The issue of high throughput production of colloidal nanomaterials raised earlier in the article can now, using silicon as the case material, find a few envisioned recipes:

• Higher ns-laser intensity provides almost linear wet ablation mass yield ~ng/mJ in the range between the phase explosion and melt ejection thresholds as seen in Figure 3, owing to the intensity-dependent ablation spot size as seen in Figure 7a and justified plasma-mediated mass removal as seen in Equation (4) and Figure 3, resulting in the similar trend for extinction coefficients of the resulting pure silicon, silver- and gold-coated silicon nanoparticles, as seen in Figure 12. The importance of ns-laser plasma in the generation of colloidal nanoparticles was stressed in multiple studies (see, for example, the overview in recent studies [57,58]);
• Laser scanning should be adjusted, to avoid a nanoparticle-initiated breakdown in bulk colloidal solution as seen in Figure 5 and Figure 6 and related laser energy losses (as well as nanoparticle fragmentation) in one pass through the clear water above the fresh surface spots. Otherwise, ablation efficiency can drop by a factor of 10 (see, for example, Figure 3 for comparison of the theoretical prediction and experimental measurements of the mass loss).

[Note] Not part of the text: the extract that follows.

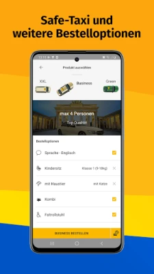 Prilagodite svaku vožnju svojim specifičnim potrebama uz Taxi-Berlin-App. Izaberite idealan tip vozila iz naše bogate ponude: od standardnog taksija za svakodnevne potrebe, preko Business-Taxi opcije za maksimalan komfor, Safe-Taxi-ja sa pregradom za dodatnu sigurnost, do prostranog XXL-Taxi-ja za grupe do osam osoba, ili ekološkog Green-Taxi-ja. Pored toga, nudimo i raznovrsne opcije opreme, uključujući dečja sedišta, pomoćne podizače i vozače sa znanjem stranih jezika. Putujete sa kućnim ljubimcem, kabastim prtljagom, sklopivim invalidskim kolicima ili dečjim kolicima? Kombi vozila su dostupna. A za potpuni komfor, vozač može zazvoniti na vašim vratima. Uživajte u jedinstvenoj usluzi kupovine u Berlinu, gde će naš vozač obaviti nabavku i dostavu umesto vas, čak i uz plaćanje unapred.

Furthermore, some advanced scanning trajectories—e.g., spiral-like—could be realized at high scanning velocities (galvoscanners <10 m/s, polygons <1 km/s [59]) and laser repetition rates ~0.1–10 MHz;
• Finally, optimized solvent flow and nanoparticle collection should be chosen for long-term production to avoid the aforementioned colloidal breakdown/screening and laser post-modification of the generated nanoparticles.
• As a result, the advanced semi-industrial milligram per second (~ng × MHz, dry mass) production rates relevant for medicine, pharmacy, material science, and nanophotonics could be scalably achieved [60,61,62], still with sufficient flexibility in laser, scanning, and flow/collection parameters for specific applications.

3. Concluding Remarks

In this study, the advanced, comprehensive overview of nanosecond-laser generation of colloidal nanoparticles in liquids is presented for the first time based on versatile multi-scale and multi-method experimental characterization of the basic transient stages during this key enabling technological process. The initial nanosecond laser ablation and sub-critical plasma formation are linked to ablated mass injection into, and pressure exertion onto, the contact liquid by the well-known scaling relationships, now also justified for wet ablation. The following plasma boost of sub-millisecond, sub-millimeter vapor bubble and its consequent collapse drives a jet expulsion of plasma- and bubble-produced colloidal nanoparticles into the bulk liquid. As a result, the repetitive laser exposure of the same spot demonstrates the additional plasma/bubble formation in the ejected colloid above the ablated surface, indicating, in agreement with our laser scanning tests, the optimal spatial inter-shot separation scale for nanosecond-laser high-throughput nanoparticle manufacturing regimes.